• **Task prompt**:
Where the data below begins, start duplicating lines exactly, and finish with the line containing "В центре квадроциклов"; add nothing else. Leave the pictures out.
(Records for processing begins)
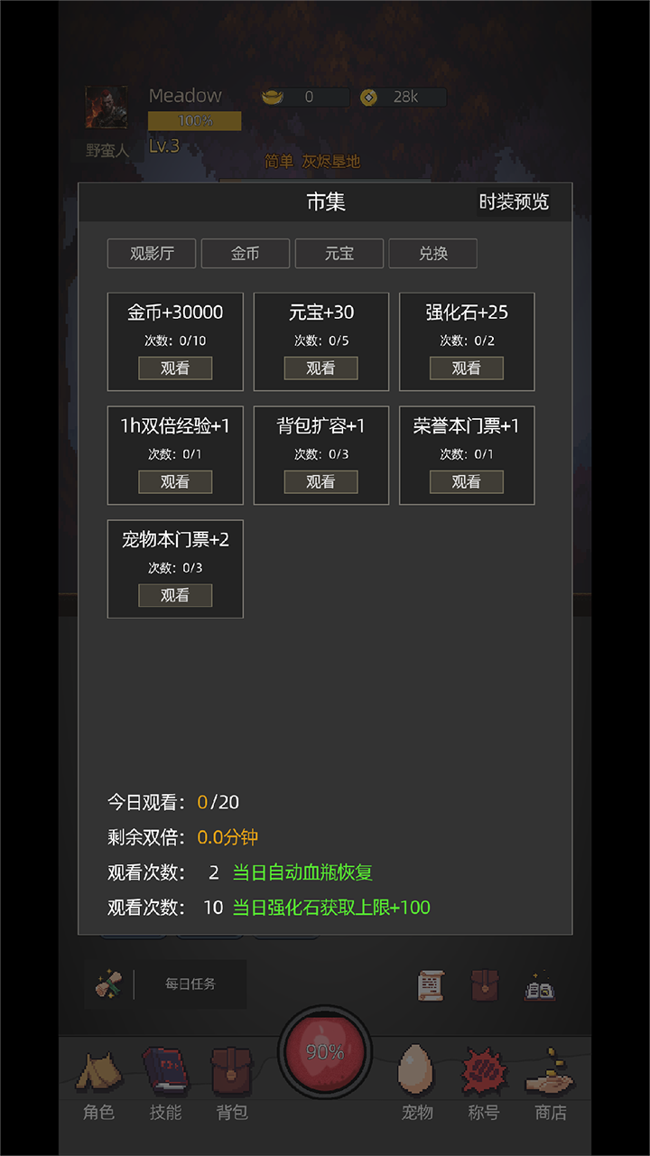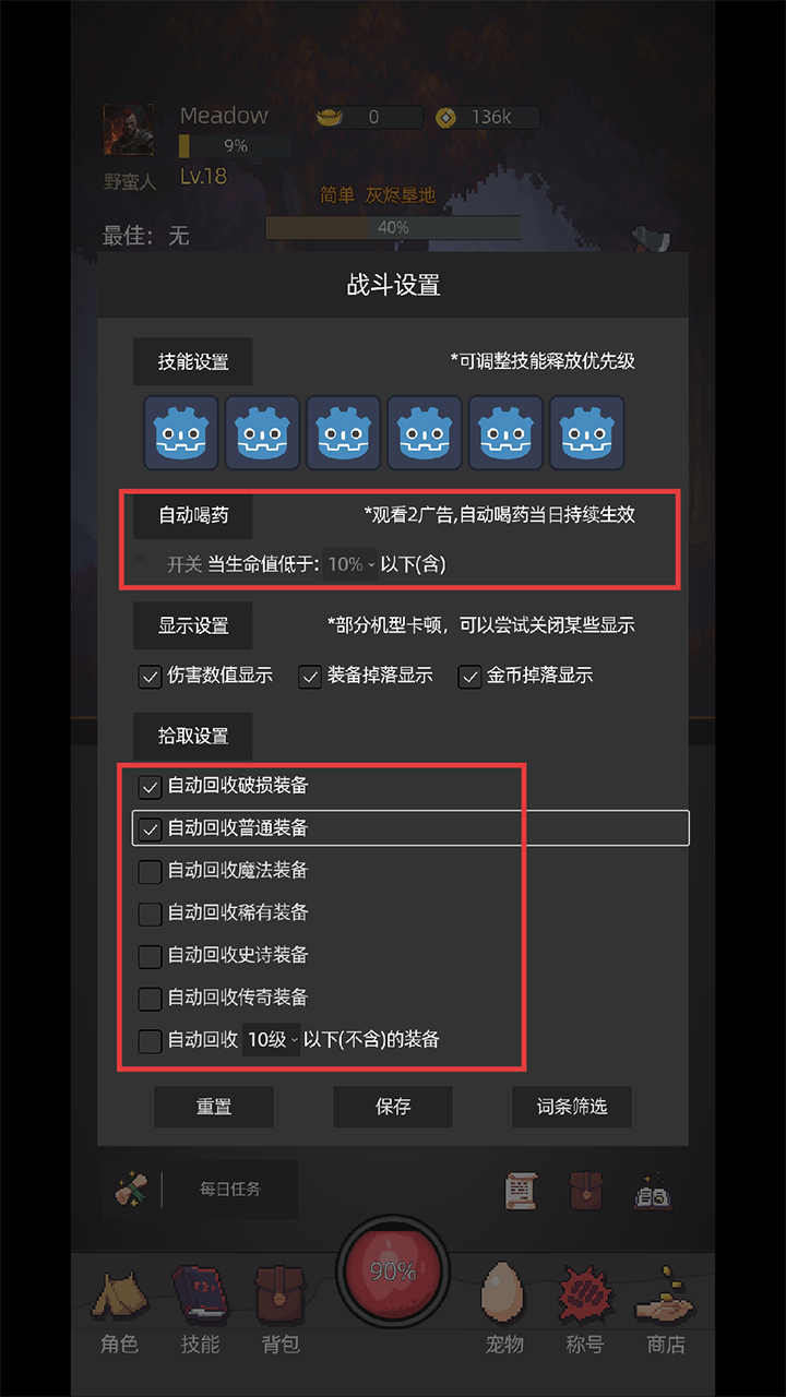 游戏里还有宠物系统,孵化神兽还能激活羁绊加成,关键时刻能逆转战局。进度条实时显示挂机时间,方便规划时间。装备回收、自动回血等功能设计得很贴心,省事又高效。虽然有广告,但选择看广告也能解锁更多功能,这点我觉得挺人性化的。
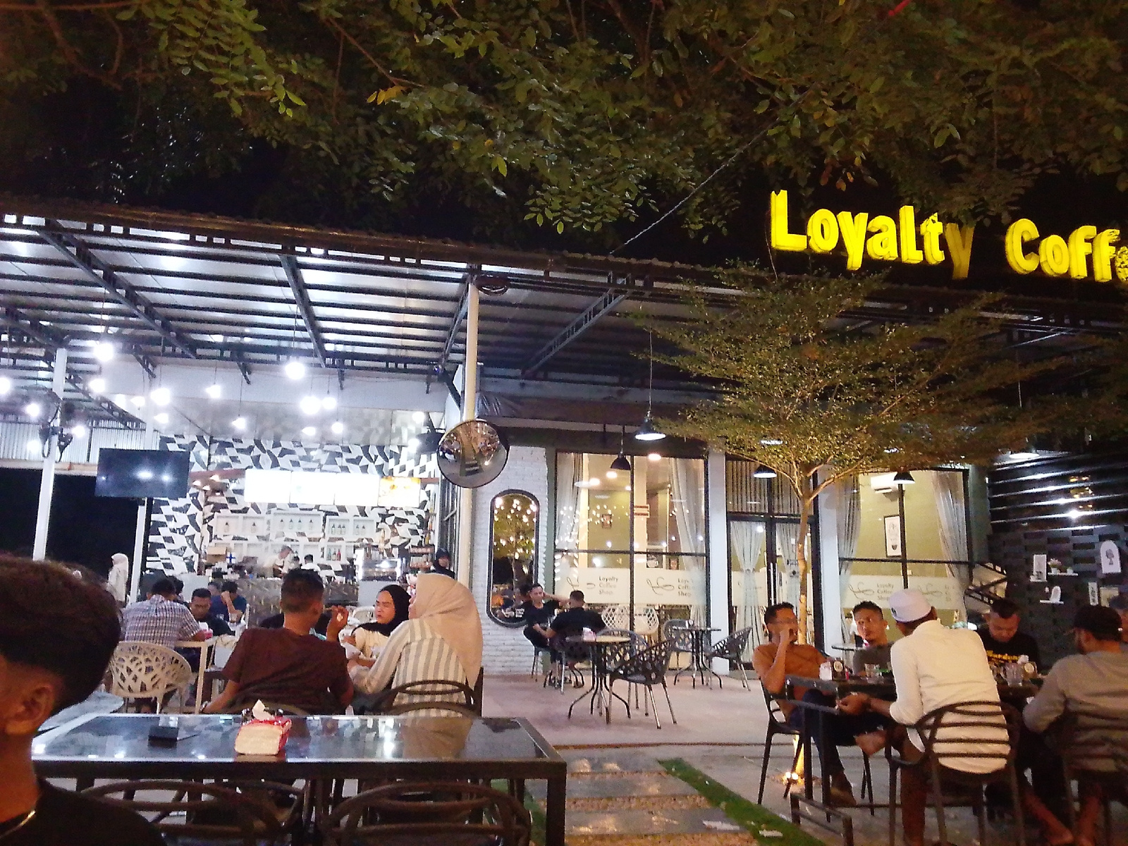 The image depicts an outdoor dining area at "Loyalty Coffee," located in Titibaro, Indonesia. Customers are seated at various tables, engaged in conversation. The establishment is open, with a partial…read more
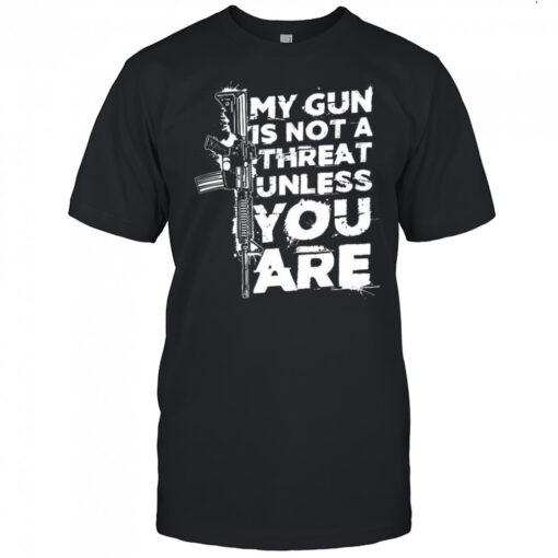 My gun is not a threat unless you are letter shirt, hoodie, sweater, longsleeve and ladies t-shirt
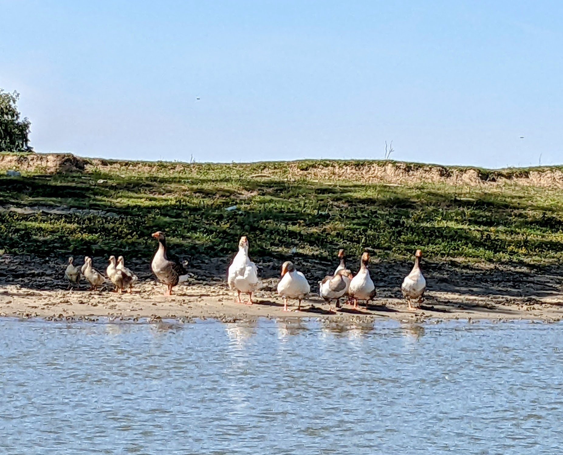 Nous partons donc avec notre guide Victor sur son petit canot à moteur pour une excursion au milieu des roseaux et des nénuphars. Victor, avec ses yeux de lynx et sa paire de jumelles, a le chic pour repérer les oiseaux et les nids pourtant bien cachés. Il connaît tous leurs noms en russe, roumain et en anglais ! Il nous montre un martin-pêcheur, des sternes, des pélicans, des cigognes, des hérons, des aigrettes, des cygnes, un aigle, des cormorans, des mouettes, des canards, des oies, un serpent, des grenouilles, des chevaux sauvages, des vaches qui nagent, un chacal doré, des poissons, des libellules…sans compter ceux qu’on entend mais qu’on ne voit pas (le coucou !)… Bon, il va falloir nous croire, car toutes ces petites bêtes étant timides et rapides comme l’éclair, on ne les a pas toutes en photos !
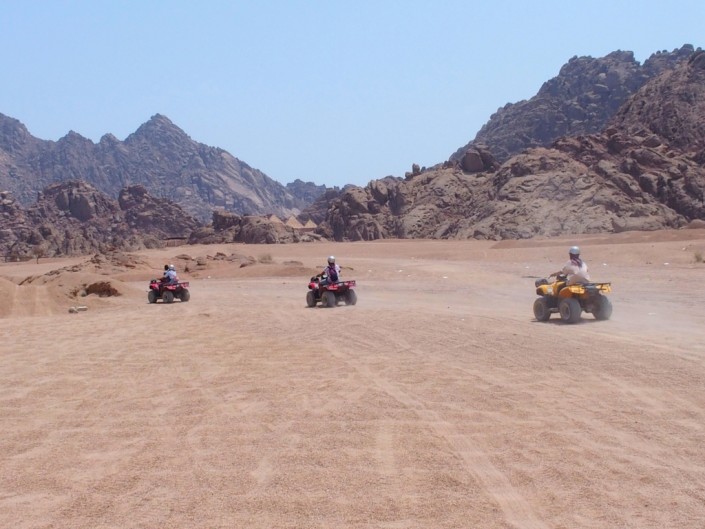В центре квадроциклов нам выдали красно-бело-черные арафатки. Так как такая же расцветка соответствует цветам национального флага Египта, мы решили, что стали египетскими бедуинами. Коротенький инструктаж (да и что рассказывать?! – квадроцикл прост как дважды два четыре: рычажок газа на правом руле и две ручки тормоза на передние и задние колеса) – и в путь! Единственная просьба гида-инструктора – ехать колонной, друг за другом.
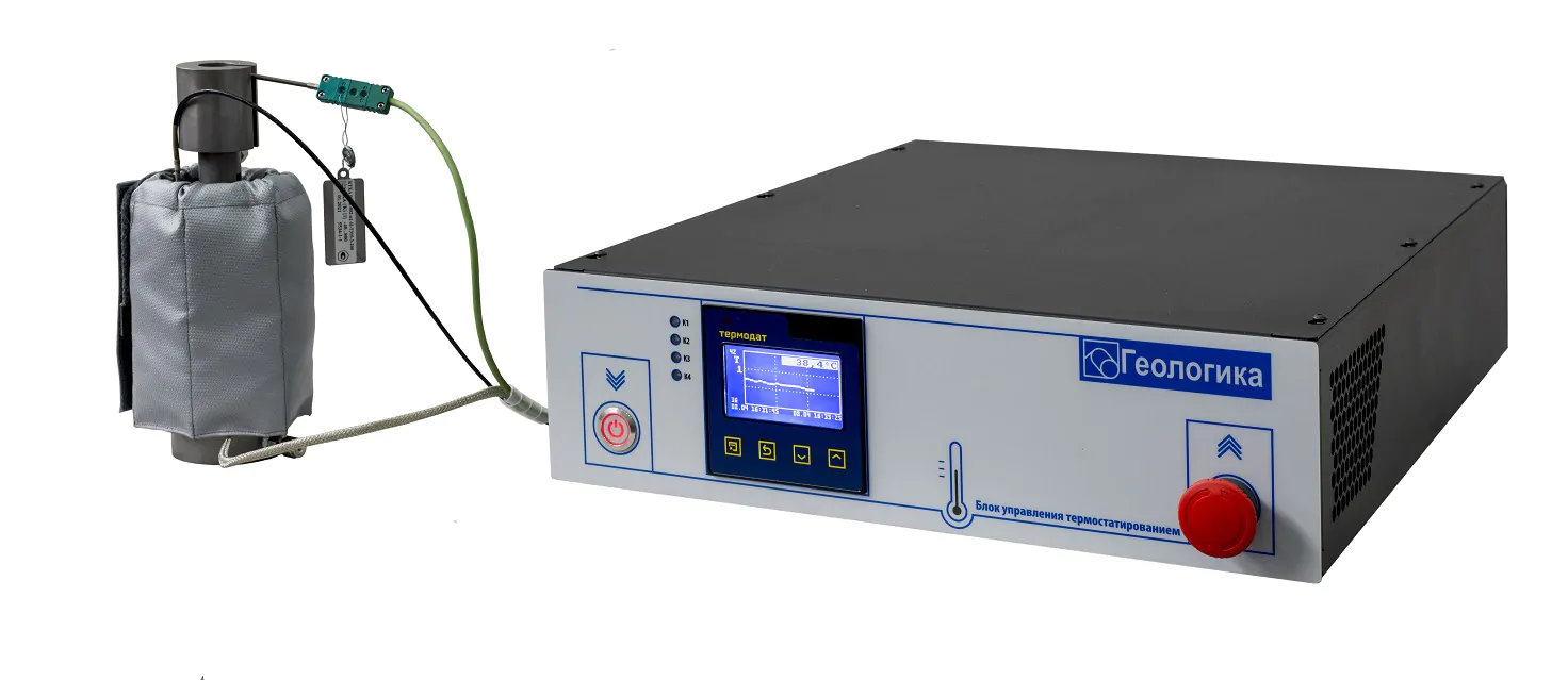 The thermostatic control unit is designed to control heating elements operating as part of laboratory or other equipment. The unit can be connected to a personal computer. Specialized software is provided to control the heating process and collect/process data from temperature sensors (logging data to files, displaying current data as parameter-time graphs, and controlling heating according to a set program).
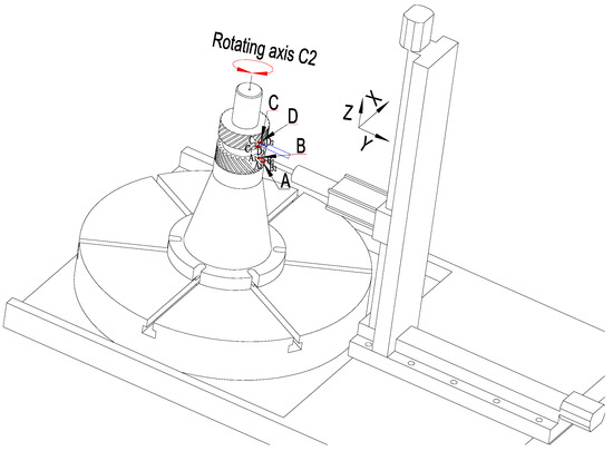 Meanwhile, an on-line spatial symmetry error measuring device controlled by the program of an NC system is designed to measure points on surfaces of the machining teeth. The symmetry center plane can be calculated based on the proposed method. As shown in Figure 9, the on-line measuring device is composed of a Marposs T25 probe and two electric slides [28]. The horizontal and vertical electric slides allow multi-degree freedom of movement of the Marposs probe. On that basis, measurements of gears of different heights and sizes can be realized.
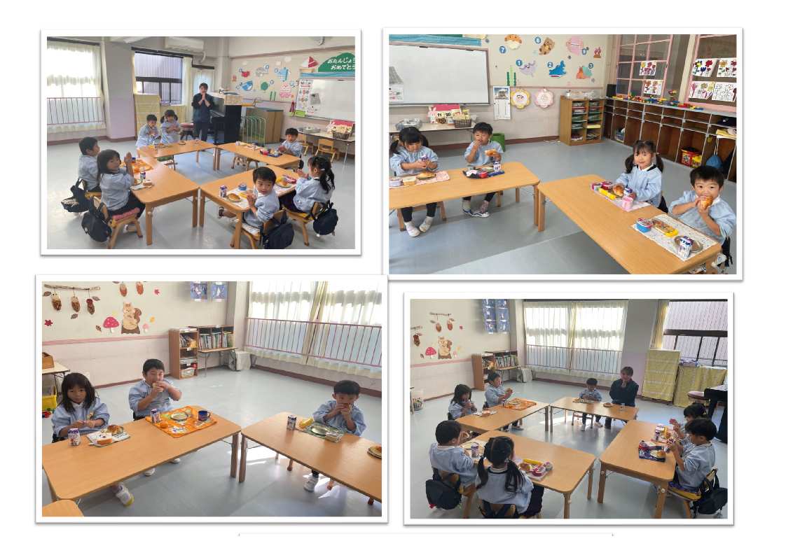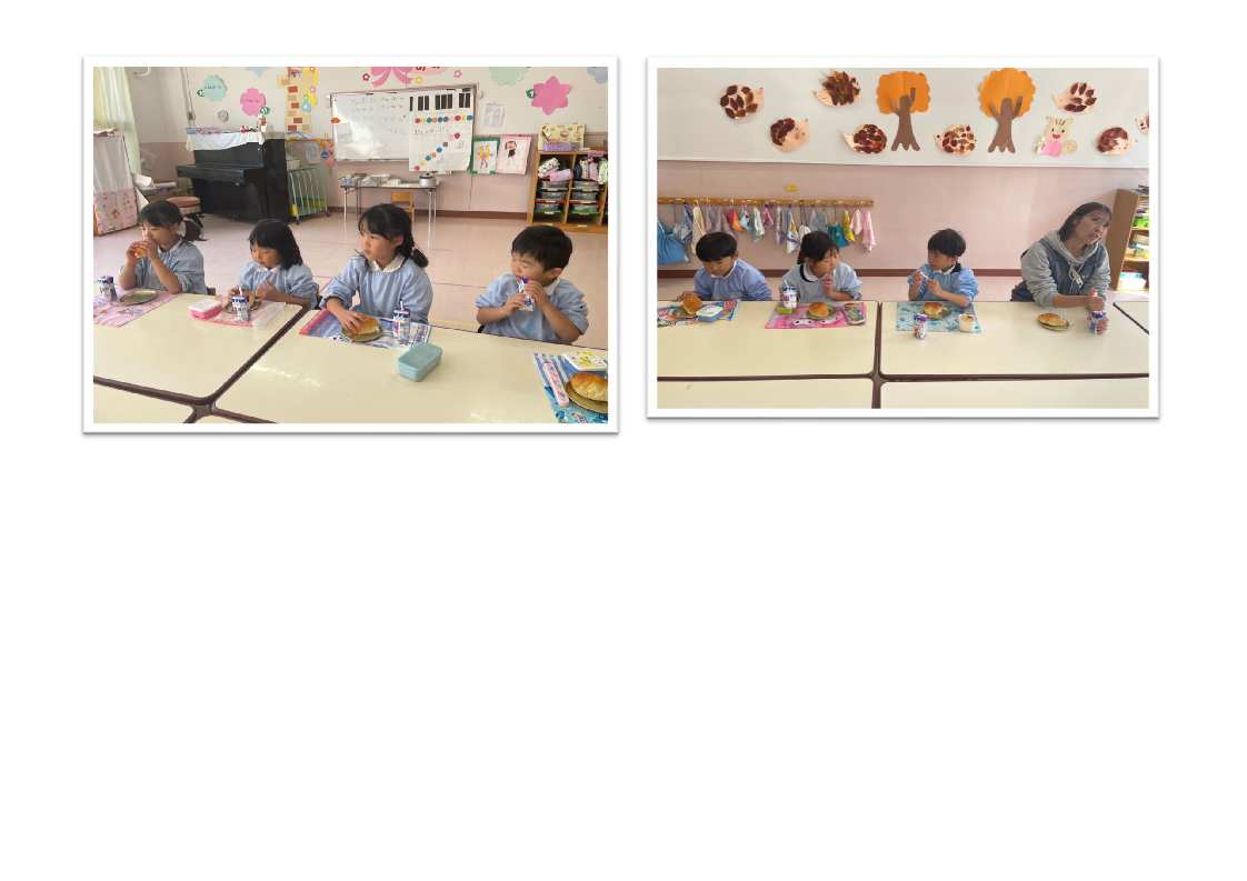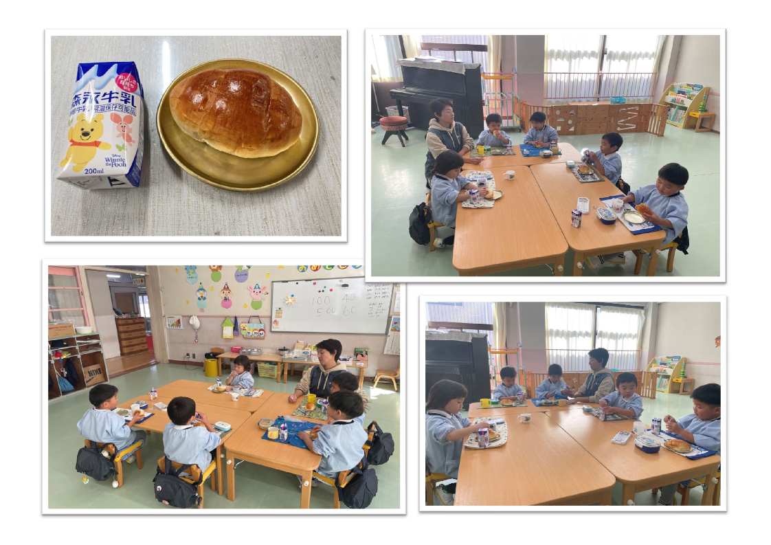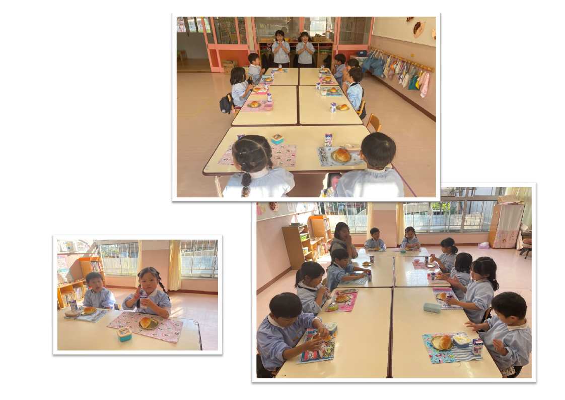 3才児はパン1個を食べられるように、4・5才児は食べられる量に合わせて(持参した)おかずをパンといっしょに食べます。
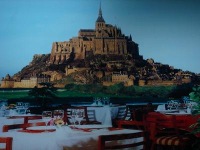 ホテルのレストランからもモンサンミッシェルがすぐ近くに見えて、天気が良ければそとのテラスで朝食をとることも出来るみたいです。朝食は、まぁこんなものかな・・・って感じでした。種類はあまりありませんでした。
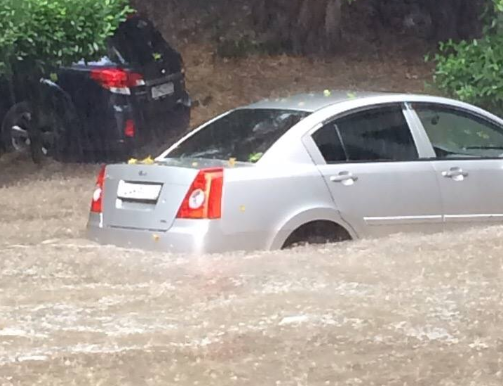 В Симферополе после очередного ливня центральные улицы превратились в реки, вода поднялась выше бордюров. Ураган повалил деревья, движение транспорта в некоторых районах города парализовано:
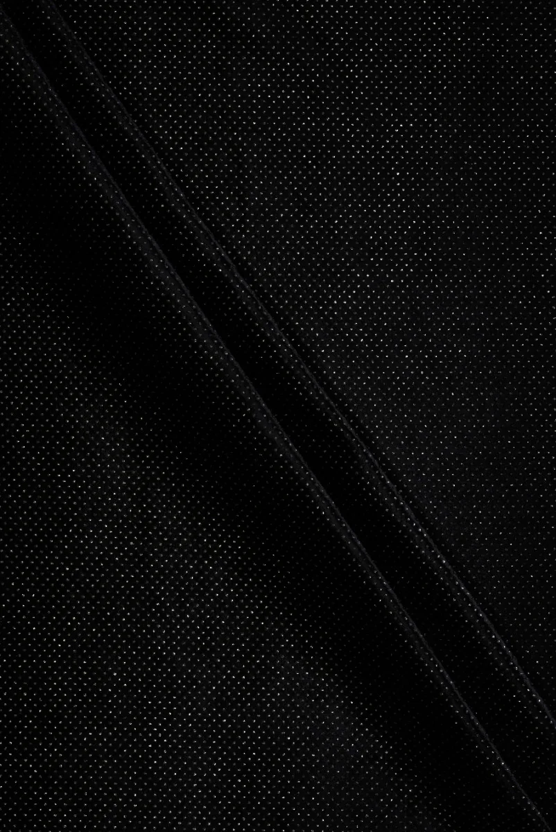 Velours de coton noir avec un motif de petits points, densément et régulièrement posés et faits de fil d’argent. Le matériau est d’épaisseur moyenne, non élastique, opaque et possède un éclat magnifique. Il s’ajuste bien tout en gardant sa forme. Des motifs brillants donnent au tissu une brillance qui sera parfaite dans des tenues comme vestes, robes et pantalons. Il sera aussi parfait pour des fins décoratives, par exemple pour coudre un coussin.
(Records for processing ends)
• **Response below**:
 游戏里还有宠物系统,孵化神兽还能激活羁绊加成,关键时刻能逆转战局。进度条实时显示挂机时间,方便规划时间。装备回收、自动回血等功能设计得很贴心,省事又高效。虽然有广告,但选择看广告也能解锁更多功能,这点我觉得挺人性化的。
 The image depicts an outdoor dining area at "Loyalty Coffee," located in Titibaro, Indonesia. Customers are seated at various tables, engaged in conversation. The establishment is open, with a partial…read more
 My gun is not a threat unless you are letter shirt, hoodie, sweater, longsleeve and ladies t-shirt
 Nous partons donc avec notre guide Victor sur son petit canot à moteur pour une excursion au milieu des roseaux et des nénuphars. Victor, avec ses yeux de lynx et sa paire de jumelles, a le chic pour repérer les oiseaux et les nids pourtant bien cachés. Il connaît tous leurs noms en russe, roumain et en anglais ! Il nous montre un martin-pêcheur, des sternes, des pélicans, des cigognes, des hérons, des aigrettes, des cygnes, un aigle, des cormorans, des mouettes, des canards, des oies, un serpent, des grenouilles, des chevaux sauvages, des vaches qui nagent, un chacal doré, des poissons, des libellules…sans compter ceux qu’on entend mais qu’on ne voit pas (le coucou !)… Bon, il va falloir nous croire, car toutes ces petites bêtes étant timides et rapides comme l’éclair, on ne les a pas toutes en photos !
В центре квадроциклов нам выдали красно-бело-черные арафатки. Так как такая же расцветка соответствует цветам национального флага Египта, мы решили, что стали египетскими бедуинами. Коротенький инструктаж (да и что рассказывать?! – квадроцикл прост как дважды два четыре: рычажок газа на правом руле и две ручки тормоза на передние и задние колеса) – и в путь! Единственная просьба гида-инструктора – ехать колонной, друг за другом.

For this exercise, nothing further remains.